Mourvèdre by another name

I’ve drunk two Spanish reds in the past week and, coincidentally, they’ve both been 100% Monastrell. How odd is that?

Maybe no longer odd at all, given the growing trend among winemakers in Spain’s hot and arid southeastern region to bottle Monastrell unblended. Traditionally a blending grape in the Rhône (for reds) and Provence as well as in Spain, Monastrell (aka Mourvèdre) characteristically yields wine that is vibrantly fruity, tannic and high in alcohol.

Reds of such weight and intensity are not everyone’s choice for August drinking. Not so for me, however, as daily life presents such a spectrum of moods, meals and occasions that I can’t restrict a wine to a particular season.
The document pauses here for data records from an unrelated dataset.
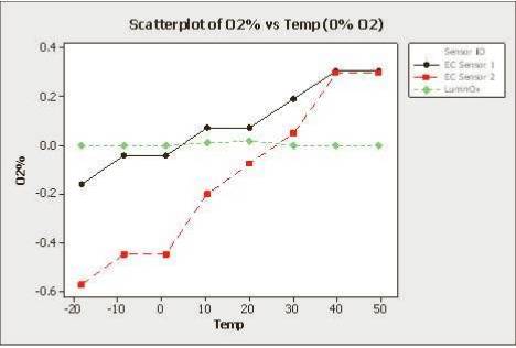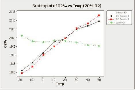 下圖顯示溫度變化時(shí) LuminOx 的輸出仍能保持恒定。電化學(xué)傳感器在同等條件下,就會發(fā)生很大的變化。這三種傳感器在溫度從-20℃到+50℃的變化范圍內(nèi),通入不同氧濃度的氣體。下圖顯示的結(jié)果是通入 0%O2 和20%O2 濃度的氧氣示意圖。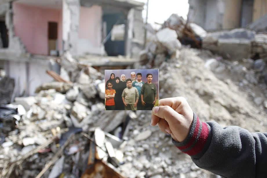 “我不知道導彈丟在了哪裡,空氣中煙塵彌漫,人們尖叫著。我又走近點,還是不知道炸在了哪裡。然後聽到有人在街上邊跑邊喊:‘他們炸了el Haj家。’一分鐘後,我才意識到我家被炸了,家人都埋在廢墟裡。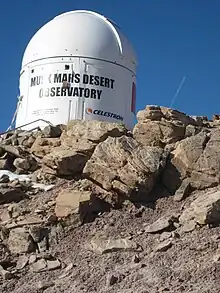 The Musk Mars Desert Observatory houses a 28-centimetre (11 in) Schmidt-Cassegrain telescope, donated by Celestron. The telescope is capable of being operated remotely, and is accessible to amateur and professional astronomers via the internet. The observatory's other sponsors include Le Sueur Manufacturing Inc., which provided the Astro-Pier on which the telescope is mounted; Software Bisque, which provided TheSky software; Vince Lanzetta of East Coast Observatories; Adirondack Video Astronomy; High Point Scientific; Technical Innovations; and the Lehigh Valley Amateur Astronomical Association.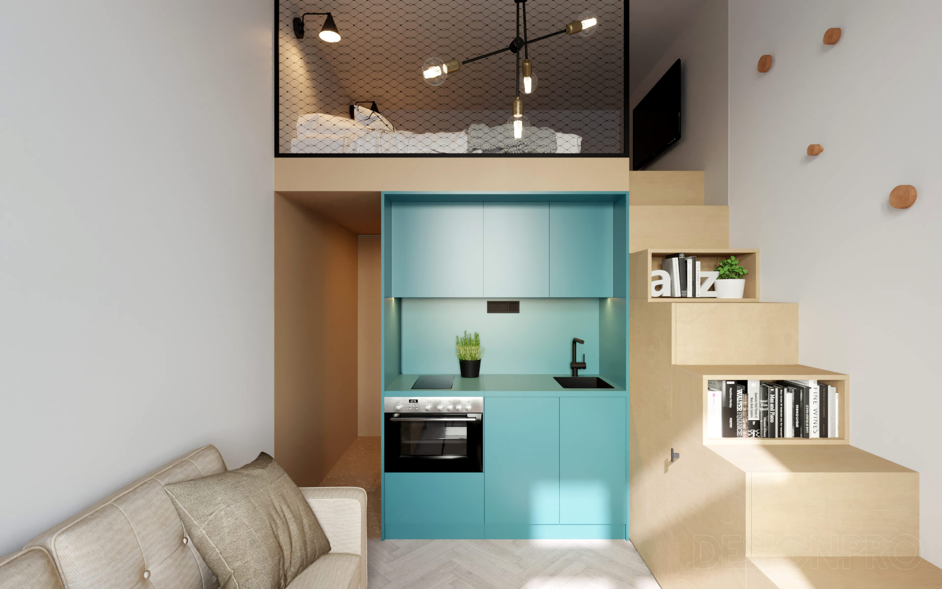 Díky staré zástavbě s vysokými stropy, jsme mohli využít spaní v patře. Pro nedostatek místa se do patra dostanete po schodech, které kromě knihovničky zároveň skrývají chladničku a spíž. Maličkatá kuchyňka v sobě má všechny moderní spotřebiče: Lednici s mrazákem, varnou desku, troubu, mikrovlnku, odsavač par a dokonce i myčku. Odpočinout si můžete na menší pohovce a večeři servírovat na kulatém stolu pod velkým špaletovým oknem. Šatní skříně jsou umístěny z druhé strany kuchyně tak, aby odclonili přímý pohled od vstupu do obytné části bytu. Zároveň vytvářejí chodbičku k toaletě, aby byla co nejdále od zbytku bytu.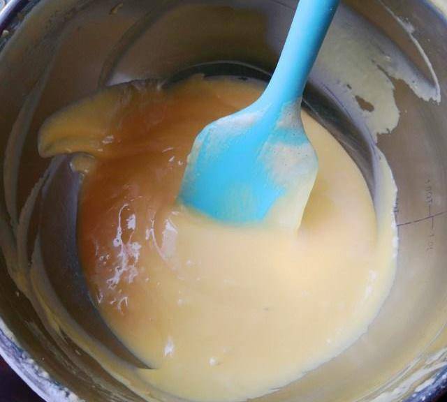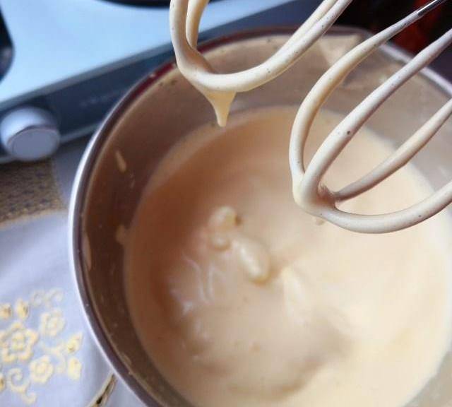 第3步、蛋液打發好後顏色會變淺,而且提起打蛋器,滴落下來的蛋液落在蛋液糊裡久久不會消失。

Some impressions of these recent pours:

Juan Gil Monastrell 2010 – I love this wine! I originally found it at Giannone Wine & Liquor soon after it opened its Hoboken store earlier this year ($13.50). I’ve subsequently seen it at Hoboken Vine and Jersey City’s Buy-Rite ($13.99).

Juan Gil Jumilla

The grapes for this wine are cultivated in Jumilla, in Murcia province, under extremely dry growing conditions. The wine is aged 12 months in French barrels.

This Monastrell drenches the mouth with intense red fruit. Not a subtle sipping wine, the Juan Gil provides a dense immersion experience.

Vinos Sin-Ley “M” 2011 – Basque-style tapas restaurant Tertulia in Greenwich Village was featuring this wine by the glass last week – at $15 a pop, unsurprisingly overpriced (given that a bottle retails for the same or slightly lower amount).

“M” is produced in Yecla, a town (and D.O.), also in Murcia, that abuts Jumilla. This expression of Monastrell is less dense and less fruity than the Juan Gil, nevertheless a versatile accompaniment to flavorful Spanish dishes.